= About this task =
The listing below is to be duplicated exactly, with every picture omitted.

= Provided data =
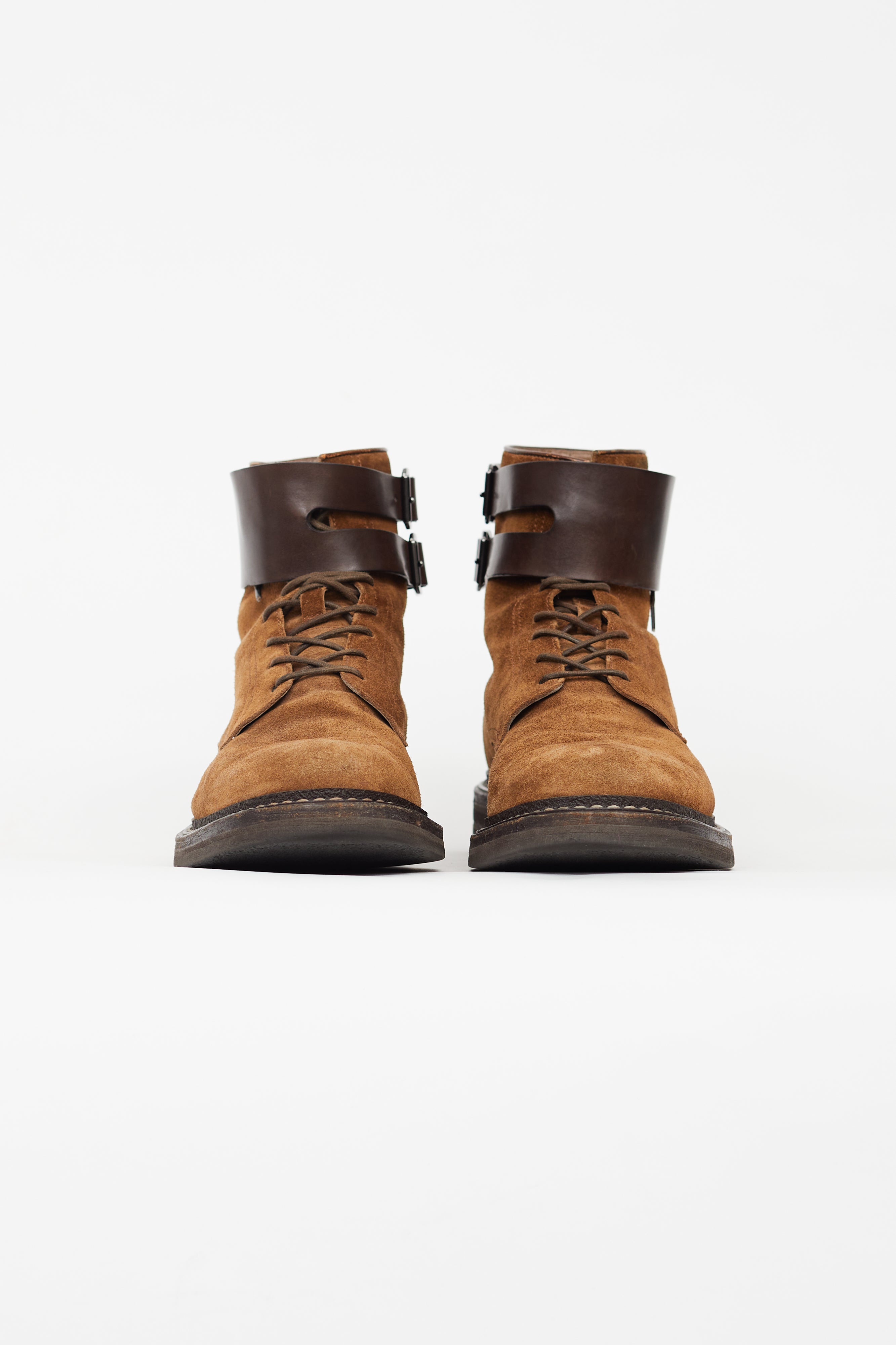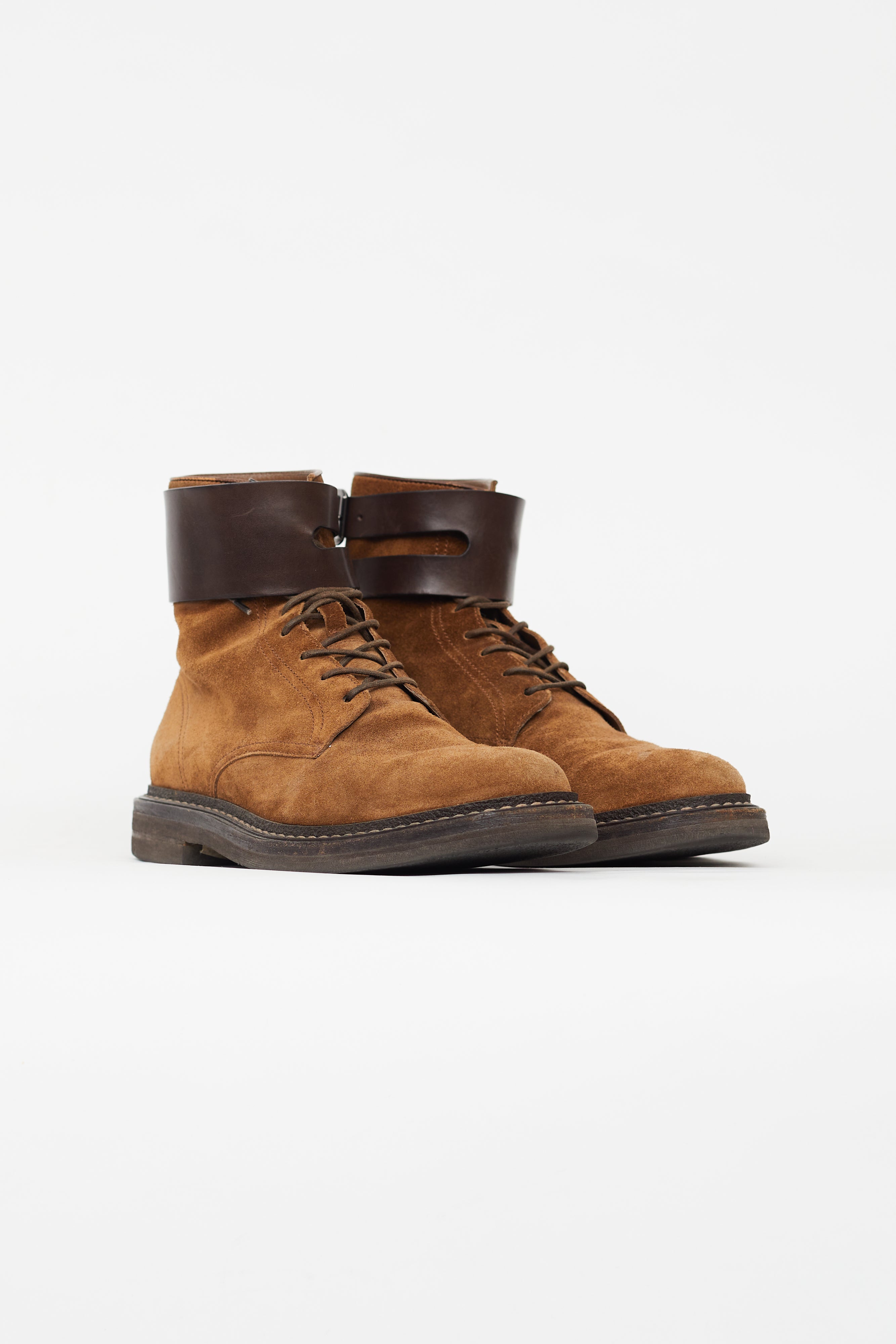 Pre-owned Brunello Cucinelli brown boots featuring rounded toe, tonal leather buckled strap at opening, lace up vamp, slip on entry, and rubber outsole.
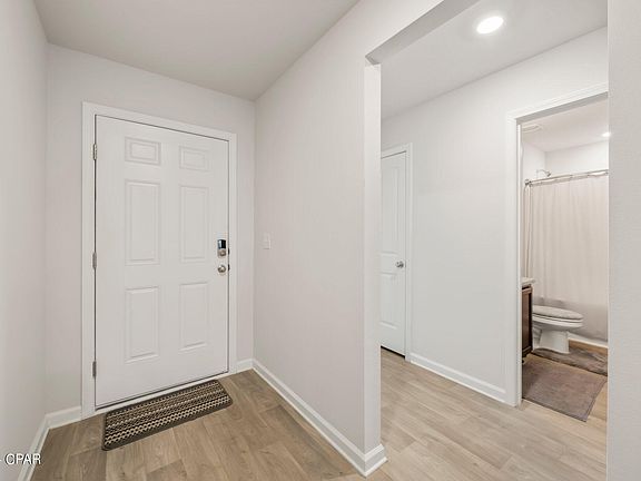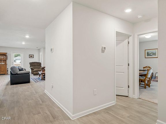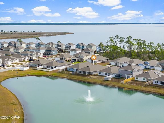 CURRENTLY UNDER CONTRACT, SELLER WILL CONSIDER BACKUP OFFERS Welcome to your ideal home! This well cared for home has been immaculately maintained. Featuring 4-bed, 2-bath beauty is based on the Ryder floor plan, featuring 8-foot ceilings, vinyl flooring in common areas, and carpeted bedrooms. This home has some very nice practical upgrades such as gutters, a water filtration system and an irrigation well for the automatic sprinkler system. This home is also covered by a termite bond from the start of construction, an ongoing pest service plan and an HVAC annual maintenance plan. in this home you will also find smart home technology Embrace modern living with keyless entry, Sky Bell doorbell, the option to add automated front porch lighting, and a smart thermostat. This home also overlooks a large pond that is maintained by the HOS. There are lots of other great community features such as a community pool with an outdoor kitchen space, access to the bay beach and tons of green space and sidewalks to enjoy. As you enter the foyer there is a small hallway leading you to two of the bedrooms which share a bathroom. The kitchen boasts an island with gorgeous appliances and laminate countertops. As you enter the main living area you will notice that it is generously spacious. Welcome to convenience, comfort, and contemporary style - your perfect home awaits! This home 31 miles to Tyndall AFB, miles to the Northwest Florida international airport. Don't miss this out on this fantastic opportunity.
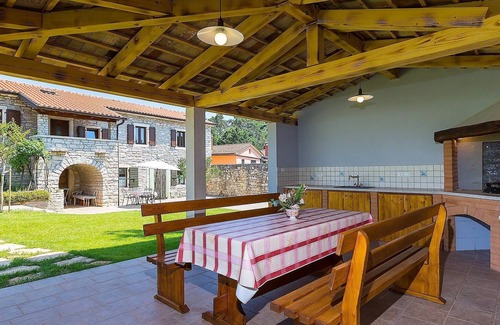 Situated in the charming countryside of central Istria, perfect family vacation. Villa Sany is renovated this year for rent. All rooms are located on first floor of this beatiful holiday house. The villa consist of kitchen with all appliances, living room with sofa and three bedrooms with double beds. Each bedrooms has its own bathroom with shower. There is also one separate toilet. In the outside is a large ( 2000 m2 ) fenced garden with a swimming pool, garden furniture and a covered terrace with a table for up to 8 people. In one part of nice cultivated garden there is a summer kitchen with grill and sitting garniture. Villa Sany is fully air-conditioned and offers parking for 3 cars. If you are planning a relaxing holiday in luxury, this is the place to go. Your host is a physician, physical medicine and rehabilitation specialist, if you have neck, back, hip, knee, or other problems with your movement system, Your host can advise you on how to alleviate your problems, refer you properly doing exercises on the bed / floor as well as in the pool, thus improving your health during your vacation in this beautiful villa..
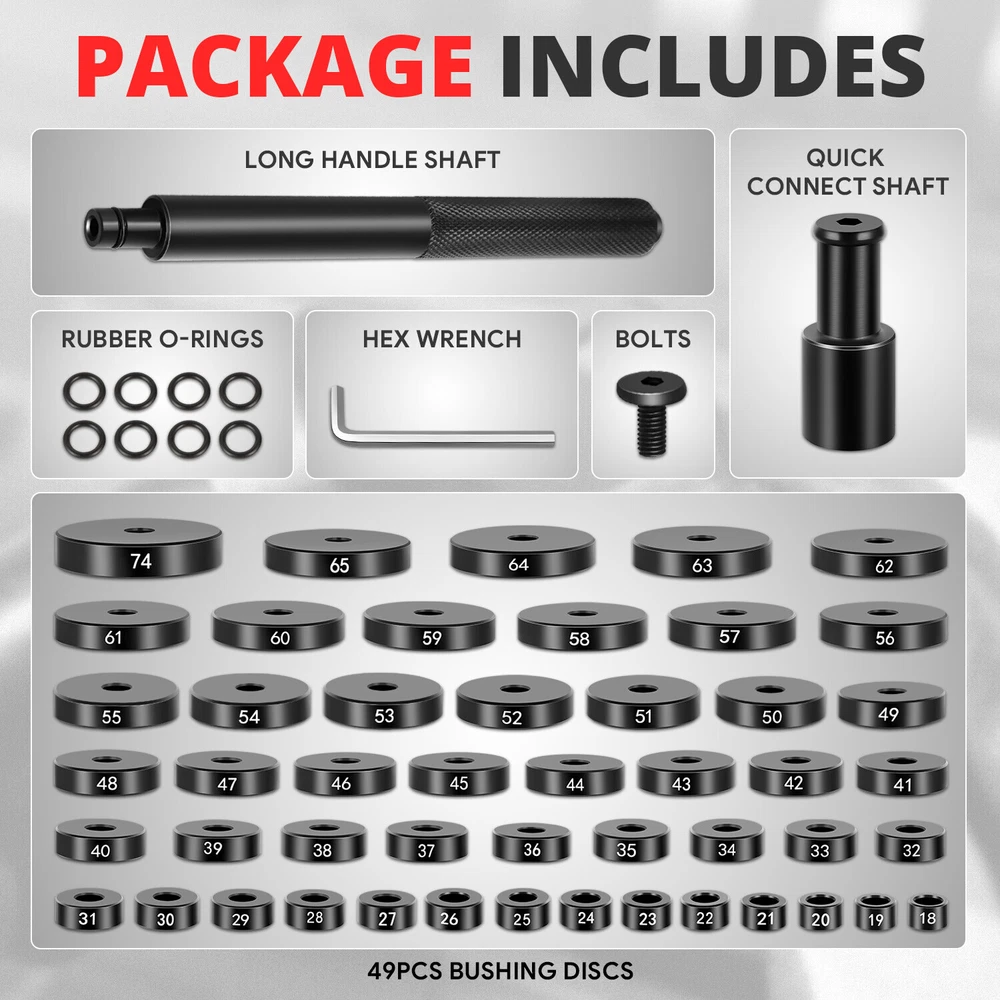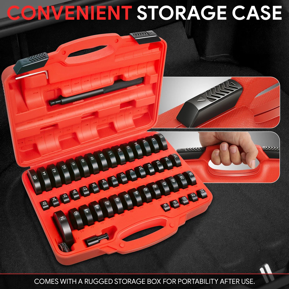Welcome to Speed Daddy Store Home About Us Feedback Add To Favorites New Arrivals Ending Soon Contact Us [52Pcs]Custom Bushing Bearing Driver Set Transmission Wheel Axle Seal Tool Kit Product Description Our Bushing Bearing / Seal Drivers Set can Help You Quickly and Effectively Disassemble and Install Wheel Bearings Bushingson Cars or Trucks; Replace The Bearing Seat Rings and Seals, Rubber Specifics and Features : Made of Heavy-Duty Carbon Steel and Having Corrosion Resistance and Rust Prevention Has 50 Interchangeable Discs(0.7 in/18MM-2.55 in/ 65MM and Specially Increased To 74MM/2.91 in For You;It can Build 2,450 Custom Bushing Driver Variations For Your Convenience, We Have Customized a Storage Bag For Them The 12mm Shaft and Screw Connecting the Brake Discs Can Be Rapidly Attached to the 180mm (7.08 Inch) Handle Bushings. Includes : Custom Bushing Driver Set 49 X Bushing Discs Long Handle Shaft Quick Connect Shaft Bolts Hex Wrench Rubber O-Rings Notes : 100% Brand New Professional Installation is Highly Recommended Installation Instruction is NOT Included Shipping Payment Returns Terms & Conditions Feedback Contact Us DOMESTIC LOWER 48 US STATES: FREE SALES TAX: CA ONLY VERY IMPORTANT: Double check shipping address. We are not responsible for incorrect or undeliverable addresses. Please use Shipping & Payments tab on top of page for shipping details for your location. Shipping to PR, HI, AK and PO Box addresses will be charged the same as shipping to Canada. GU, VI, SAIPAN will be charged the same as international shipping rate. For Canada shipping please select the lowest price. We do not offer expedited shipping. US Territories such as GU, VI, SAIPAN will be charged the same as CANADA shipping rate. Transaction will be held until a full shipping amount received. Some of the packages cannot be delivered to a PO Box. Customer is responsible to ensure PO Box address given is deliverable by the shipping company. Package will be held until a valid physical address is provided. Customer assumes shipping charges incurred in shipping to undeliverable address. International buyers are responsible for all customs duties, taxes, and other applicable fees incurred by the country's customs/border regulations. Please contact customs for more information. We ship 98% of all orders the same or next business day after payment received/cleared. Please understand that once orders are shipped, we cannot control the transit times thereafter. Most orders will ship via USPS First Class/Priority Mail or FedEx/UPS or the best suitable carrier for the specific size of the product. We are not responsible for any changes to address after item has been shipped. Item will be shipped out within 24 hours after payment cleared, except for weekends and holidays. PayPal e-check takes 3-7 business days to be processed. We will not ship until an e-check has been cleared. 30 Days Free Returns, please notify us within 30 days after you've received your order. Please email us or call us to obtain a RMA (Return Merchandise Authorization) number from us, and have the RMA number written on the return package. Items to be returned must be in resalable condition. All returns are for refund ONLY. No exchange accepted. For emissions related items, please check with your local jurisdiction for emission specific requirements before purchasing. All items do not come with installation instruction unless otherwise specified. If item is questionable, please consult your local professional/mechanic before making purchase. Shipping DOMESTIC LOWER 48 US STATES: FREE SALES TAX: CA ONLY VERY IMPORTANT: Double check shipping address. We are not responsible for incorrect or undeliverable addresses. Please use Shipping & Payments tab on top of page for shipping details for your location. Shipping to PR, HI, AK and PO Box addresses will be charged the same as shipping to Canada. GU, VI, SAIPAN will be charged the same as international shipping rate. For Canada shipping please select the lowest price. We do not offer expedited shipping. US Territories such as GU, VI, SAIPAN will be charged the same as CANADA shipping rate. Transaction will be held until a full shipping amount received. Some of the packages cannot be delivered to a PO Box. Customer is responsible to ensure PO Box address given is deliverable by the shipping company. Package will be held until a valid physical address is provided. Customer assumes shipping charges incurred in shipping to undeliverable address. International buyers are responsible for all customs duties, taxes, and other applicable fees incurred by the country's customs/border regulations. Please contact customs for more information. We ship 98% of all orders the same or next business day after payment received/cleared. Please understand that once orders are shipped, we cannot control the transit times thereafter. Most orders will ship via USPS First Class/Priority Mail or FedEx/UPS or the best suitable carrier for the specific size of the product. We are not responsible for any changes to address after item has been shipped. Payment Item will be shipped out within 24 hours after payment cleared, except for weekends and holidays. PayPal e-check takes 3-7 business days to be processed. We will not ship until an e-check has been cleared. Returns 30 Days money back, please notify us within 30 days after you've received your purchased item. All return requests must be submitted through your eBay account. You have to obtain a RMA (Return Merchandise Authorization) number from us, and have the RMA number written on the return package. Buyers pay for return shipping fee. Items to be returned must be in resalable condition. All returns are for refund ONLY. No exchange accepted. Returns for refund are subject to a 20% restocking fee. Terms & Conditions For emissions related items, please check with your local jurisdiction for emission specific requirements before purchasing. All items do not come with installation inst

= Solution to this exercise =
 Pre-owned Brunello Cucinelli brown boots featuring rounded toe, tonal leather buckled strap at opening, lace up vamp, slip on entry, and rubber outsole.
 CURRENTLY UNDER CONTRACT, SELLER WILL CONSIDER BACKUP OFFERS Welcome to your ideal home! This well cared for home has been immaculately maintained. Featuring 4-bed, 2-bath beauty is based on the Ryder floor plan, featuring 8-foot ceilings, vinyl flooring in common areas, and carpeted bedrooms. This home has some very nice practical upgrades such as gutters, a water filtration system and an irrigation well for the automatic sprinkler system. This home is also covered by a termite bond from the start of construction, an ongoing pest service plan and an HVAC annual maintenance plan. in this home you will also find smart home technology Embrace modern living with keyless entry, Sky Bell doorbell, the option to add automated front porch lighting, and a smart thermostat. This home also overlooks a large pond that is maintained by the HOS. There are lots of other great community features such as a community pool with an outdoor kitchen space, access to the bay beach and tons of green space and sidewalks to enjoy. As you enter the foyer there is a small hallway leading you to two of the bedrooms which share a bathroom. The kitchen boasts an island with gorgeous appliances and laminate countertops. As you enter the main living area you will notice that it is generously spacious. Welcome to convenience, comfort, and contemporary style - your perfect home awaits! This home 31 miles to Tyndall AFB, miles to the Northwest Florida international airport. Don't miss this out on this fantastic opportunity.
 Situated in the charming countryside of central Istria, perfect family vacation. Villa Sany is renovated this year for rent. All rooms are located on first floor of this beatiful holiday house. The villa consist of kitchen with all appliances, living room with sofa and three bedrooms with double beds. Each bedrooms has its own bathroom with shower. There is also one separate toilet. In the outside is a large ( 2000 m2 ) fenced garden with a swimming pool, garden furniture and a covered terrace with a table for up to 8 people. In one part of nice cultivated garden there is a summer kitchen with grill and sitting garniture. Villa Sany is fully air-conditioned and offers parking for 3 cars. If you are planning a relaxing holiday in luxury, this is the place to go. Your host is a physician, physical medicine and rehabilitation specialist, if you have neck, back, hip, knee, or other problems with your movement system, Your host can advise you on how to alleviate your problems, refer you properly doing exercises on the bed / floor as well as in the pool, thus improving your health during your vacation in this beautiful villa..
Welcome to Speed Daddy Store Home About Us Feedback Add To Favorites New Arrivals Ending Soon Contact Us [52Pcs]Custom Bushing Bearing Driver Set Transmission Wheel Axle Seal Tool Kit Product Description Our Bushing Bearing / Seal Drivers Set can Help You Quickly and Effectively Disassemble and Install Wheel Bearings Bushingson Cars or Trucks; Replace The Bearing Seat Rings and Seals, Rubber Specifics and Features : Made of Heavy-Duty Carbon Steel and Having Corrosion Resistance and Rust Prevention Has 50 Interchangeable Discs(0.7 in/18MM-2.55 in/ 65MM and Specially Increased To 74MM/2.91 in For You;It can Build 2,450 Custom Bushing Driver Variations For Your Convenience, We Have Customized a Storage Bag For Them The 12mm Shaft and Screw Connecting the Brake Discs Can Be Rapidly Attached to the 180mm (7.08 Inch) Handle Bushings. Includes : Custom Bushing Driver Set 49 X Bushing Discs Long Handle Shaft Quick Connect Shaft Bolts Hex Wrench Rubber O-Rings Notes : 100% Brand New Professional Installation is Highly Recommended Installation Instruction is NOT Included Shipping Payment Returns Terms & Conditions Feedback Contact Us DOMESTIC LOWER 48 US STATES: FREE SALES TAX: CA ONLY VERY IMPORTANT: Double check shipping address. We are not responsible for incorrect or undeliverable addresses. Please use Shipping & Payments tab on top of page for shipping details for your location. Shipping to PR, HI, AK and PO Box addresses will be charged the same as shipping to Canada. GU, VI, SAIPAN will be charged the same as international shipping rate. For Canada shipping please select the lowest price. We do not offer expedited shipping. US Territories such as GU, VI, SAIPAN will be charged the same as CANADA shipping rate. Transaction will be held until a full shipping amount received. Some of the packages cannot be delivered to a PO Box. Customer is responsible to ensure PO Box address given is deliverable by the shipping company. Package will be held until a valid physical address is provided. Customer assumes shipping charges incurred in shipping to undeliverable address. International buyers are responsible for all customs duties, taxes, and other applicable fees incurred by the country's customs/border regulations. Please contact customs for more information. We ship 98% of all orders the same or next business day after payment received/cleared. Please understand that once orders are shipped, we cannot control the transit times thereafter. Most orders will ship via USPS First Class/Priority Mail or FedEx/UPS or the best suitable carrier for the specific size of the product. We are not responsible for any changes to address after item has been shipped. Item will be shipped out within 24 hours after payment cleared, except for weekends and holidays. PayPal e-check takes 3-7 business days to be processed. We will not ship until an e-check has been cleared. 30 Days Free Returns, please notify us within 30 days after you've received your order. Please email us or call us to obtain a RMA (Return Merchandise Authorization) number from us, and have the RMA number written on the return package. Items to be returned must be in resalable condition. All returns are for refund ONLY. No exchange accepted. For emissions related items, please check with your local jurisdiction for emission specific requirements before purchasing. All items do not come with installation instruction unless otherwise specified. If item is questionable, please consult your local professional/mechanic before making purchase. Shipping DOMESTIC LOWER 48 US STATES: FREE SALES TAX: CA ONLY VERY IMPORTANT: Double check shipping address. We are not responsible for incorrect or undeliverable addresses. Please use Shipping & Payments tab on top of page for shipping details for your location. Shipping to PR, HI, AK and PO Box addresses will be charged the same as shipping to Canada. GU, VI, SAIPAN will be charged the same as international shipping rate. For Canada shipping please select the lowest price. We do not offer expedited shipping. US Territories such as GU, VI, SAIPAN will be charged the same as CANADA shipping rate. Transaction will be held until a full shipping amount received. Some of the packages cannot be delivered to a PO Box. Customer is responsible to ensure PO Box address given is deliverable by the shipping company. Package will be held until a valid physical address is provided. Customer assumes shipping charges incurred in shipping to undeliverable address. International buyers are responsible for all customs duties, taxes, and other applicable fees incurred by the country's customs/border regulations. Please contact customs for more information. We ship 98% of all orders the same or next business day after payment received/cleared. Please understand that once orders are shipped, we cannot control the transit times thereafter. Most orders will ship via USPS First Class/Priority Mail or FedEx/UPS or the best suitable carrier for the specific size of the product. We are not responsible for any changes to address after item has been shipped. Payment Item will be shipped out within 24 hours after payment cleared, except for weekends and holidays. PayPal e-check takes 3-7 business days to be processed. We will not ship until an e-check has been cleared. Returns 30 Days money back, please notify us within 30 days after you've received your purchased item. All return requests must be submitted through your eBay account. You have to obtain a RMA (Return Merchandise Authorization) number from us, and have the RMA number written on the return package. Buyers pay for return shipping fee. Items to be returned must be in resalable condition. All returns are for refund ONLY. No exchange accepted. Returns for refund are subject to a 20% restocking fee. Terms & Conditions For emissions related items, please check with your local jurisdiction for emission specific requirements before purchasing. All items do not come with installation inst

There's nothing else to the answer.